> **YOUR GOAL**: Leaving out any pictures, print the entries that follow exactly as they stand.

> **EXERCISE MATERIALS**:
· · · ·

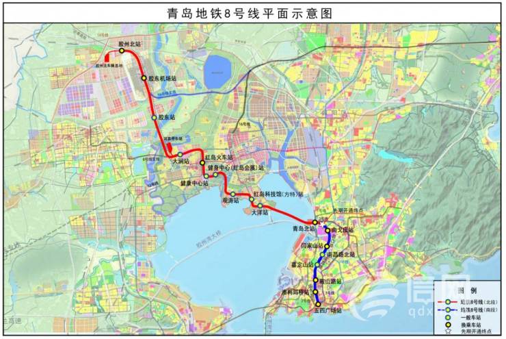 青岛地铁8号线平面示意图。 (来源:青岛地铁)
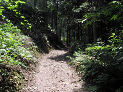| 61番から60番横峰寺までは10kmある。標高およそ 750mにある横峰寺への上り口は大谷池に沿った緩 やかな舗装路で、出だしは元気に進む。 |
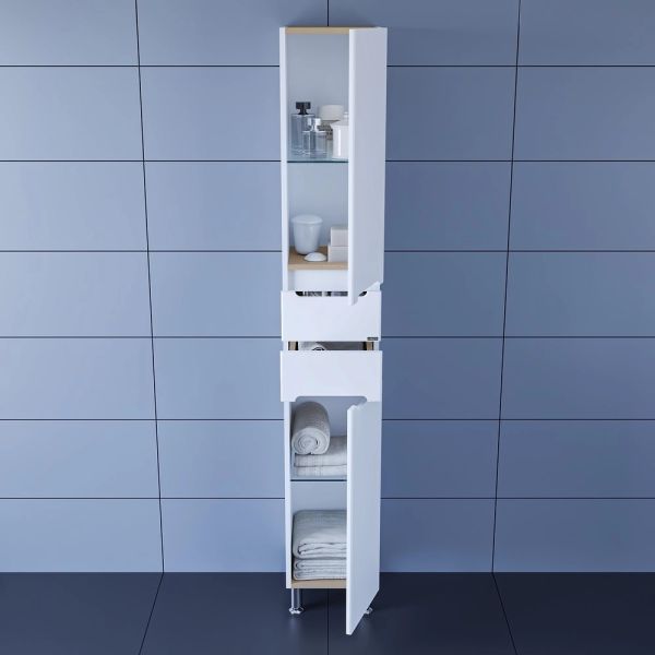 Шкаф-пенал СанТа отличное решение для создания комфортной атмосферы в любой ванной комнате. Напольный способ установки производится непосредственно на пол, при этом конструкция максимально устойчива при серьезных физических нагрузках. В производстве используют только качественные влагостойкие материалы (ВЛДСП), в составе которых полностью отсутствуют опасные вещества. Серия Вегас отличается превосходным дизайном с соблюдением всех существенных элементов современного стиля. Основным цветом, в котором выполнен шкаф-пенал СанТа является белый, безупречно впишется в любой дизайн проект. Шкаф-пенал предусматривает удобную и вместительную систему хранения, состоящую из дверей.Страной бренда СанТа является Россия, все товары производятся с выполнением соответствующих стандартов качества, что позволяет быть полностью уверенными в долговечности и надежности. Шкаф-пенал СанТа поможет сделать уютным любой интерьер и создать идеальную ванную комнату.
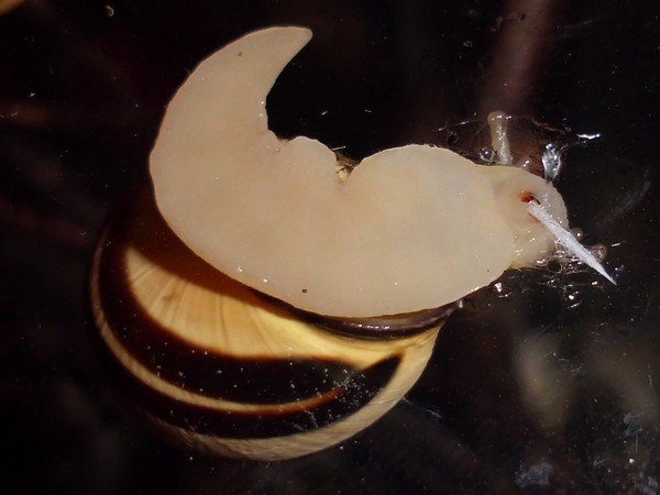 Ein Schnirkel hatte sich so halb unter das größere Borkenstück gequetscht, auf dem die Badeschale steht, das hatte ich schon vorgestern leicht kopfschüttelnd festgestellt. Als ich die Borke hochhob, sah ich dann auch, was der Schlingel dort trieb.
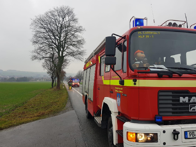 Der Löschzug Lichtenau wurde zur Beseitung einer Ölspur auf die B68 in Richtung Kleinenberg alarmiert.
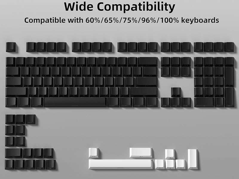 The dagaladoo Black/White keycaps set features 131 durable PBT double-shot keycaps with side-printed legends that shine through RGB lighting. Designed in ergonomic Cherry profile, these keycaps fit most MX-compatible mechanical keyboards, offering a premium, oil-resistant texture and long-lasting legend clarity for professionals and enthusiasts alike.
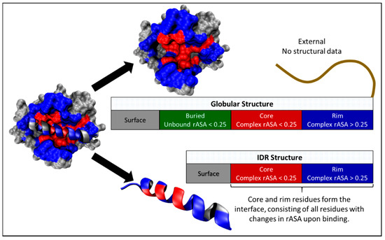 For each interaction pair, relative solvent accessible surface area (rASA) of protein residues were calculated to categorize the residues into protein regions. The SASA of each residue of the protein structures was normalized by the SASA of the residue type “X” calculated in a Gly-X-Gly peptide in extended conformation [9]. The residues were placed into structural categories based on their rASA in their bound and unbound states [9]. Surface and buried regions consist of residues above and below 0.25 rASA in the isolated protein chain, respectively. All residues with a change in rASA between the bound and unbound states were defined as interface residues. The interaction interface consists of the rim residues, which have rASA > 0.25 in the bound state, and the core residues, which have rASA < 0.25 in the bound state. Subsequently, the categorized residues were mapped to UniProt sequences [57]. Supplementary Figure S1 provides an overview of the construction process of the interaction structure datasets, as well as the number of structures and proteins involved. The dataset of globular interactions encompasses all interaction pairs, which is justifiable since the dataset of IDR interactions is small in comparison.

· · · ·

> **YOUR SOLUTION**:
 青岛地铁8号线平面示意图。 (来源:青岛地铁)
| 61番から60番横峰寺までは10kmある。標高およそ 750mにある横峰寺への上り口は大谷池に沿った緩 やかな舗装路で、出だしは元気に進む。 |
 Шкаф-пенал СанТа отличное решение для создания комфортной атмосферы в любой ванной комнате. Напольный способ установки производится непосредственно на пол, при этом конструкция максимально устойчива при серьезных физических нагрузках. В производстве используют только качественные влагостойкие материалы (ВЛДСП), в составе которых полностью отсутствуют опасные вещества. Серия Вегас отличается превосходным дизайном с соблюдением всех существенных элементов современного стиля. Основным цветом, в котором выполнен шкаф-пенал СанТа является белый, безупречно впишется в любой дизайн проект. Шкаф-пенал предусматривает удобную и вместительную систему хранения, состоящую из дверей.Страной бренда СанТа является Россия, все товары производятся с выполнением соответствующих стандартов качества, что позволяет быть полностью уверенными в долговечности и надежности. Шкаф-пенал СанТа поможет сделать уютным любой интерьер и создать идеальную ванную комнату.
 Ein Schnirkel hatte sich so halb unter das größere Borkenstück gequetscht, auf dem die Badeschale steht, das hatte ich schon vorgestern leicht kopfschüttelnd festgestellt. Als ich die Borke hochhob, sah ich dann auch, was der Schlingel dort trieb.
 Der Löschzug Lichtenau wurde zur Beseitung einer Ölspur auf die B68 in Richtung Kleinenberg alarmiert.
 The dagaladoo Black/White keycaps set features 131 durable PBT double-shot keycaps with side-printed legends that shine through RGB lighting. Designed in ergonomic Cherry profile, these keycaps fit most MX-compatible mechanical keyboards, offering a premium, oil-resistant texture and long-lasting legend clarity for professionals and enthusiasts alike.
 For each interaction pair, relative solvent accessible surface area (rASA) of protein residues were calculated to categorize the residues into protein regions. The SASA of each residue of the protein structures was normalized by the SASA of the residue type “X” calculated in a Gly-X-Gly peptide in extended conformation [9]. The residues were placed into structural categories based on their rASA in their bound and unbound states [9]. Surface and buried regions consist of residues above and below 0.25 rASA in the isolated protein chain, respectively. All residues with a change in rASA between the bound and unbound states were defined as interface residues. The interaction interface consists of the rim residues, which have rASA > 0.25 in the bound state, and the core residues, which have rASA < 0.25 in the bound state. Subsequently, the categorized residues were mapped to UniProt sequences [57]. Supplementary Figure S1 provides an overview of the construction process of the interaction structure datasets, as well as the number of structures and proteins involved. The dataset of globular interactions encompasses all interaction pairs, which is justifiable since the dataset of IDR interactions is small in comparison.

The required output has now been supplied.